Half of the time is spent on thinking about the problem and the thinking behind it. It is a long game and the thing they create is not as important as the process. 

Empathy profile-Empathy is at the heart of the design thinking process. The learners have to put themselves in the shoes of the person/people whose actions you are trying to change. 

This is the template they use: 
The children would go in the middle of this template. Then around the outside I would be identifying why the children mess around instead of tidying up and what motivates them to do this. 

Student then act as the person in their profile this helps them to connect and understand the problem. 

We use HOW MIGHT WE..... Question in inquiry. You can have a whole lesson on questions. Writing good questions is an important part of the learning for our kids. It is so important that the question is specific and answerable. Big question don't help our learners. 

How might we speed up the process of tidying so we can save time in our day?

They then publish their problems with a picture of themself and print them to put in the wall. 
 Remember: Fall in Love with the Problem NOT the solution. 
It is about always bring the focus back to the problem. Having the problem visible helps to the kids to keep coming back to your problems. 

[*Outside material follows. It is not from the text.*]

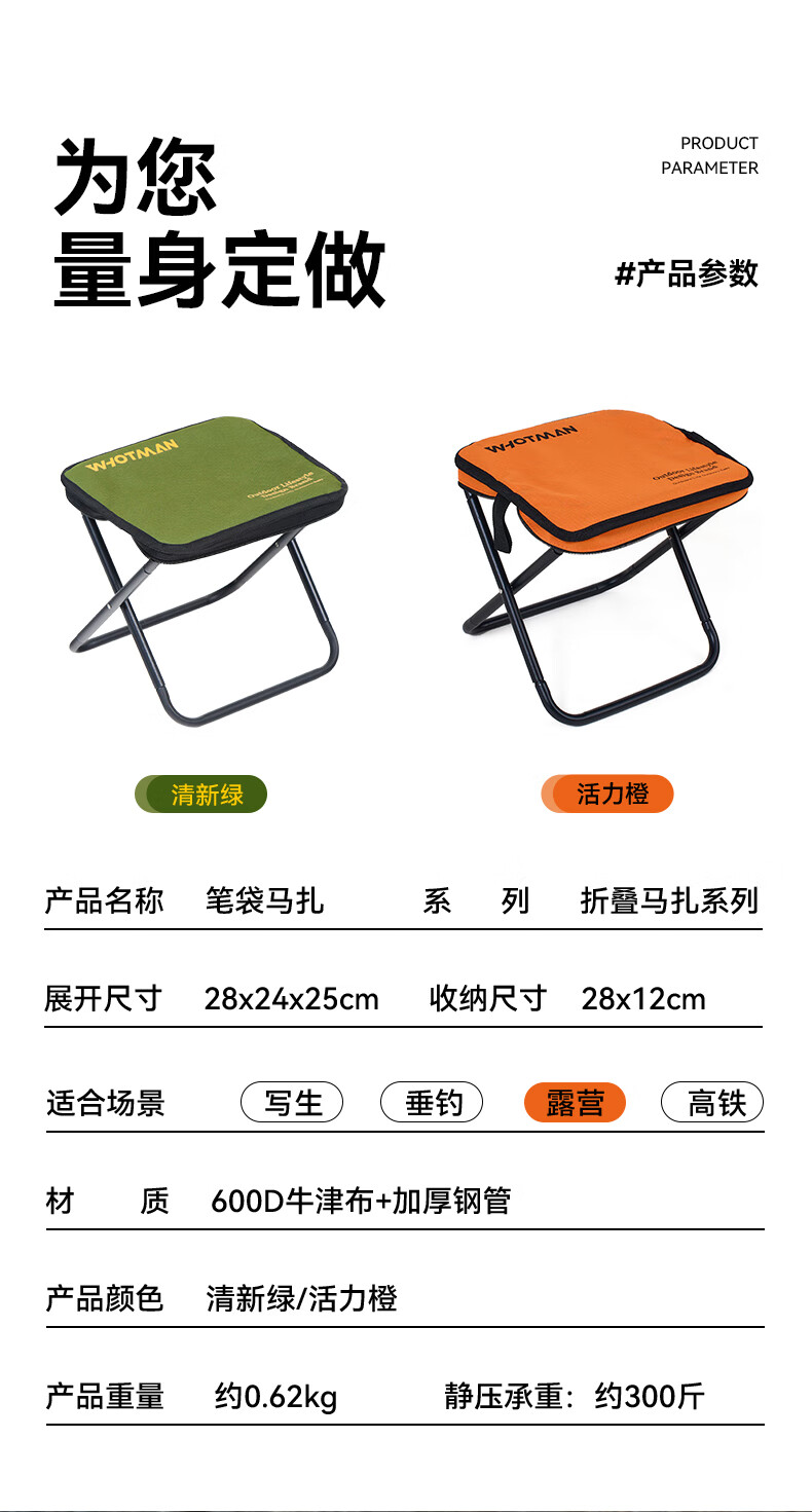沃特曼 户外折叠椅便携式休闲多功能小马扎超轻露营简约钓鱼写生手包凳 笔袋马扎【28x24x25cm】78208

In this activity, is like the crazy 8s you can see in this blog post. They say that they give them 40 sec for each square. You can give them ideas if they get really stuck. 

Once they focus on one or some idea form a plan and get feedback on your storyboard. 

They then list every single step they are going to take on a post it note. Then they put it in order of what they are going to do. They students who do this well had a much more successful process. 

They begin prototyping. Revising their prototype and considering how this will look in its finished form. They get feedback from others to help them develop their prototype. 

They then think how will be share our project? 

Feedback-They have their feedback grid which they use to get feedback on their project. 

One of the great things I have noticed about this process is the huge amount of feedback.